Entscheidungsstichwort (Thema)
Einem Schreib- oder Rechenfehler ähnliche offenbare Unrichtigkeit im Sinne des § 107 FGO
Leitsatz (NV)
1. Eine einem Schreib- oder Rechenfehler ähnliche offenbare Unrichtigkeit im Sinne des § 107 FGO liegt nicht vor, wenn auch nur die Möglichkeit eines Rechtsirrtums besteht.
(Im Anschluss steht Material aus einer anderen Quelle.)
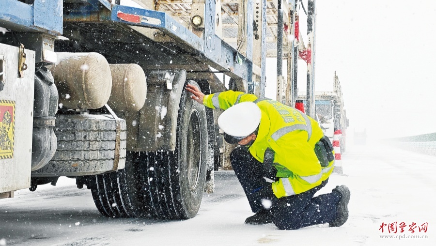 11月4日,新疆维吾尔自治区克孜勒苏柯尔克孜自治州出现降雪导致部分路段结冰。乌恰县公安局交通管理大队迅速启动应急预案,组织民警赶赴现场疏导交通,保障驾乘人员平安。图为民警检查车辆安全隐患。沙 辉 摄
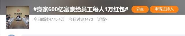 !1 月 19 日," 身家 600 亿富豪给员工每人 1 万红包 " 登上微博热搜,引起网友的广泛关注和议论。

Eine solche Möglichkeit besteht, wenn das FG §§ 16, 17 BerlinFG zutreffend anwenden wollte, möglicherweise aber die in § 17 Abs. 6 BerlinFG vorgesehene Begrenzung des Ermäßigungsbetrags übersehen hat.
2. In einem Beschwerdeverfahren, das einen Berichtigungsbeschluß nach § 107 FGO betrifft, ist über die Kosten zu entscheiden.
Normenkette
FGO § 107
Gründe
Die Beschwerde ist begründet. Sie führt zur Aufhebung des Berichtigungsbeschlusses.
Die Voraussetzungen für eine Berichtigung gemäß § 107 Abs. 1 FGO liegen nicht vor. Danach sind Schreibfehler, Rechenfehler und ähnliche offenbare Unrichtigkeiten im Urteil jederzeit, auch noch nach Eintritt der Rechtskraft des Urteils, zu berichtigen. Eine solche Berichtigung kann sich auch auf den Tenor und die Gründe erstrecken.
Eine einem Schreib- oder Rechenfehler ähnliche offenbare Unrichtigkeit i. S. des § 107 FGO liegt nicht vor.
Eine solche offenbare Unrichtigkeit setzt ein dem Schreib- oder Rechenfehler gleichwertiges und daher mechanisches Versehen voraus, das ohne weitere Prüfung erkannt und korrigiert werden kann (so zu der gleichlautenden Vorschrift des § 129 der Abgabenordnung - AO 1977 - BFH-Urteil vom 29. März 1985 VI R 140/81, bFHE 144, 118, BStBl II 1985, 569 m. w. N.). Diese Erfordernisse sind u. a. dann nicht erfüllt, wenn auch nur die Möglichkeit eines Fehlers in der Rechtsanwendung besteht (BFH-Urteil vom 28. November 1985 IV R 178/83, BFHE 145, 226, BStBl II 1986, 293 m. w. N.; Gräber / von Groll, Finanzgerichtsordnung, § 107 Rdnr. 4).
Im Streitfall ist die Möglichkeit eines Rechenirrtums nicht ausgeschlossen. Das FG hat es versäumt, die Rechtsvorschrift des § 17 Abs. 6 BerlinFG anzuwenden. Nach dieser Vorschrift ist der Ermäßigungsbetrag auf die Hälfte der regulär festzusetzenden Einkommensteuer zu begrenzen. Das FG hat den im angefochtenen Einkommensteuerbescheid 1986 und in der Anlage zur Einspruchsentscheidung angesetzten Abzugsbetrag von 6500 DM schlicht übernommen, offenbar ohne zu bedenken, daß der Betrag sich durch die Minderung der regulären Einkommensteuerschuld gleichfalls vermindern mußte. Es kann nicht ausgeschlossen werden, daß die gesetzlich vorgesehene Begrenzung nicht in den Gerichtsakten des FG getreten ist. Das FG mag den Willen gehabt haben, die einschlägigen Rechtsvorschriften zutreffend anzuwenden. Das schließt indes nicht aus, daß es dieses Ziel durch unvollständige rechtliche Überlegungen nicht erreicht hat. So können die Verhältnisse im Streitfall liegen.
Die Kostenentscheidung beruht auf § 135 Abs. 1 FGO.
In einem Beschwerdeverfahren, das einen Berichtigungsbeschluß nach § 107 FGO betrifft, ist über die Kosten zu entscheiden. Kostenfreiheit besteht nur im zur Instanz gehörenden Berichtigungsverfahren (BFH-Beschlüsse vom 22. Januar 1976 I B 50/75 - NV -; vom 16. Juni 1982 VII B 24/82 - NV -).